Real-world task planning requires long-horizon reasoning over large sets of objects with complex relationships and attributes, leading to a combinatorial explosion for classical symbolic planners. To prune the search space, recent methods prioritize searching on a simplified task only containing a few ``important" objects predicted by a neural network. However, such a simple neuro-symbolic (NeSy) integration risks omitting critical objects and wasting resources on unsolvable simplified tasks. To enable Fast and reliable planning, we introduce a NeSy relaxation strategy (Flax), combining neural importance prediction with symbolic expansion.
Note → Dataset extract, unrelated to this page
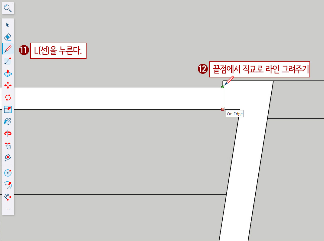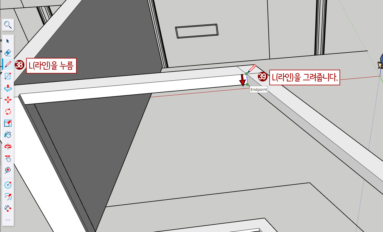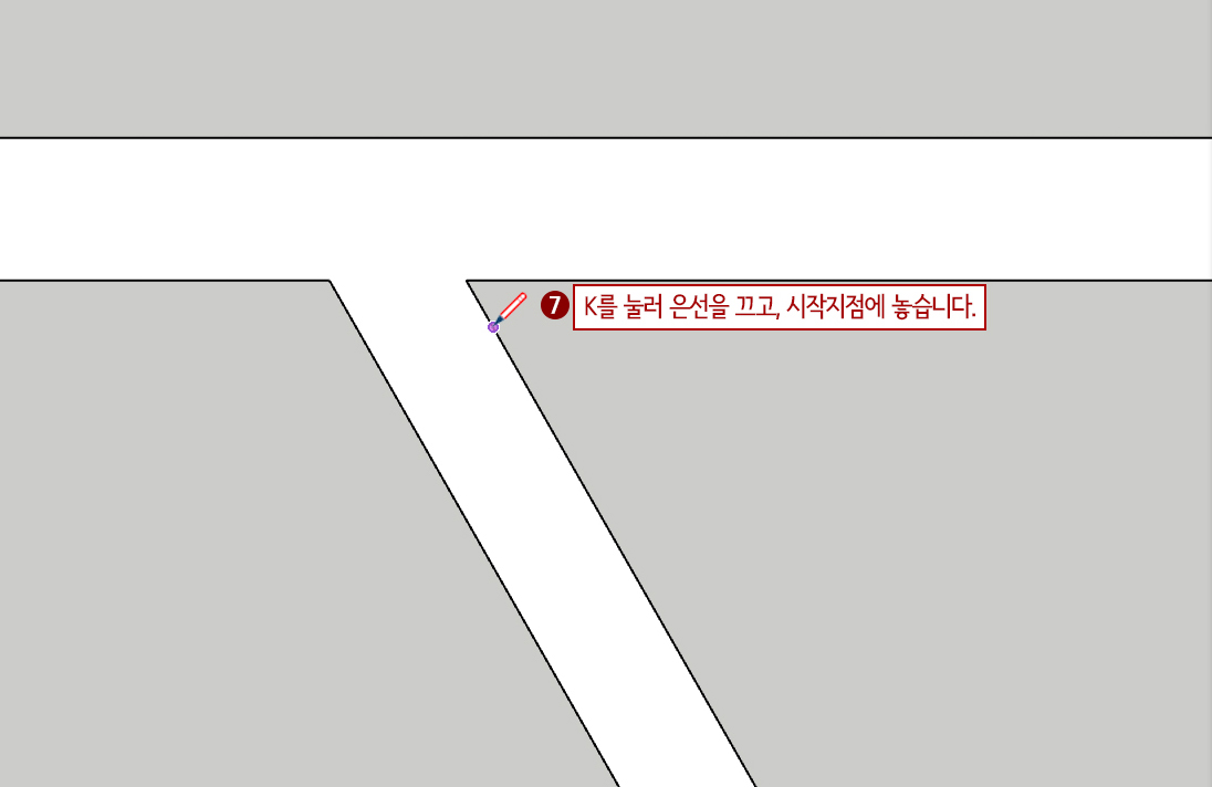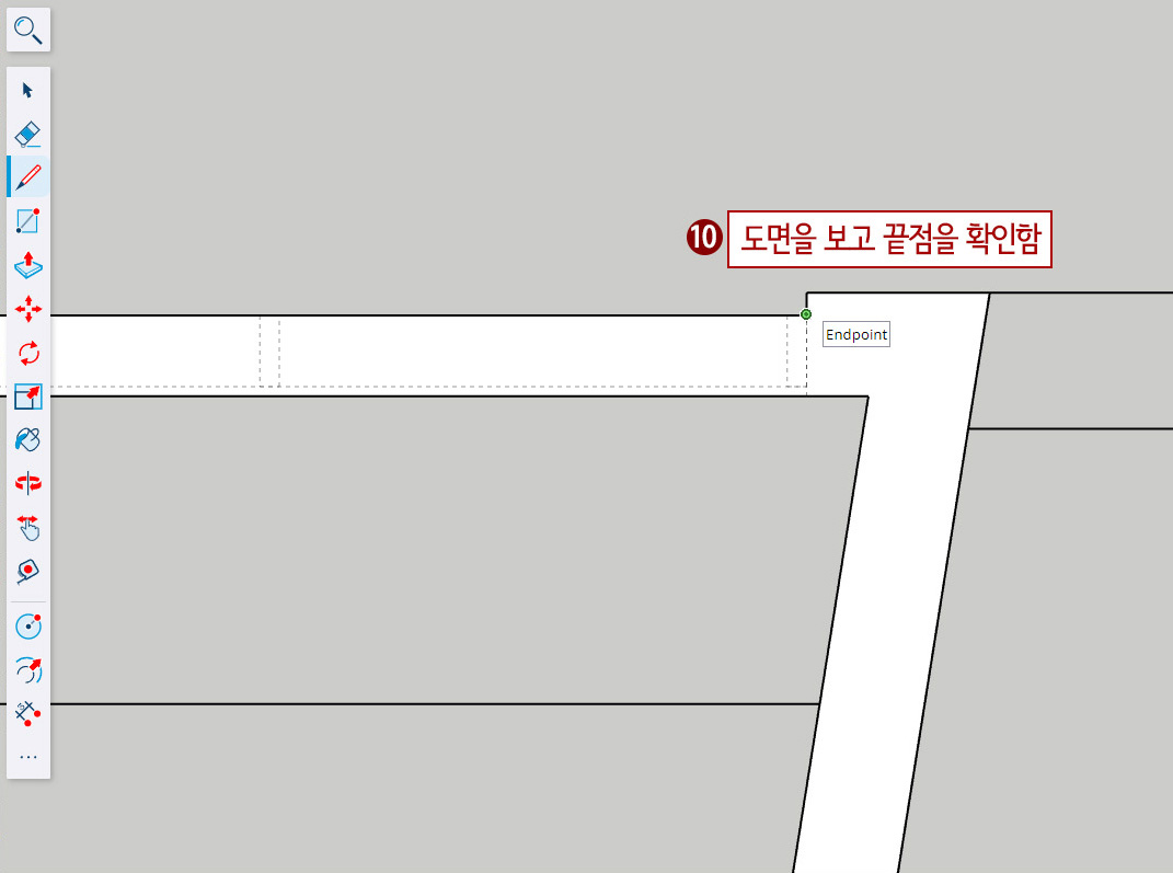 14. 점선 동그라미 부분을 확대한 후 L(선 그리기)을 누른 후 K를 켜고 끄면서 벽 끝라인을 그려줍니다.

Specifically, we first learn a graph neural network to predict object importance to create a simplified task and solve it with a symbolic planner. Then, we solve a rule-relaxed task to obtain a quick rough plan, and reintegrate all referenced objects into the simplified task to recover any overlooked but essential elements. Finally, we apply complementary rules to refine the updated task, keeping it both reliable and compact. Extensive experiments are conducted on both synthetic and real-world maze navigation benchmarks where a robot must traverse through a maze and interact with movable obstacles. The results show that Flax boosts the average success rate by 20.82\% and cuts mean wall-clock planning time by 17.65\% compared with the state-of-the-art NeSy baseline. We expect that Flax offers a practical path toward fast, scalable, long-horizon task planning in complex environments.

翻译：现实世界的任务规划需要对具有复杂关系和属性的大规模对象集合进行长程推理，这导致经典符号规划器面临组合爆炸问题。为剪枝搜索空间，现有方法优先在仅包含神经网络预测的少数"重要"对象的简化任务上进行搜索。然而，这种简单的神经符号（NeSy）集成方式可能遗漏关键对象，并在不可解的简化任务上浪费计算资源。为实现快速可靠的任务规划，我们提出一种结合神经重要性预测与符号扩展的神经符号松弛策略（Flax）。具体而言，我们首先训练图神经网络预测对象重要性以构建简化任务，并用符号规划器求解该任务。随后，我们求解规则松弛任务以获得快速粗略规划，并将所有被引用的对象重新整合到简化任务中以恢复可能被忽略但关键的元素。最后，我们应用互补规则对更新后的任务进行优化，使其保持可靠性与紧凑性。我们在合成与真实世界迷宫导航基准测试中进行了大量实验，其中机器人必须穿越迷宫并与可移动障碍物交互。实验结果表明，相较于最先进的神经符号基线方法，Flax将平均成功率提升了20.82%，并将平均实际规划时间降低了17.65%。我们预期Flax能为复杂环境中的快速、可扩展、长程任务规划提供实用路径。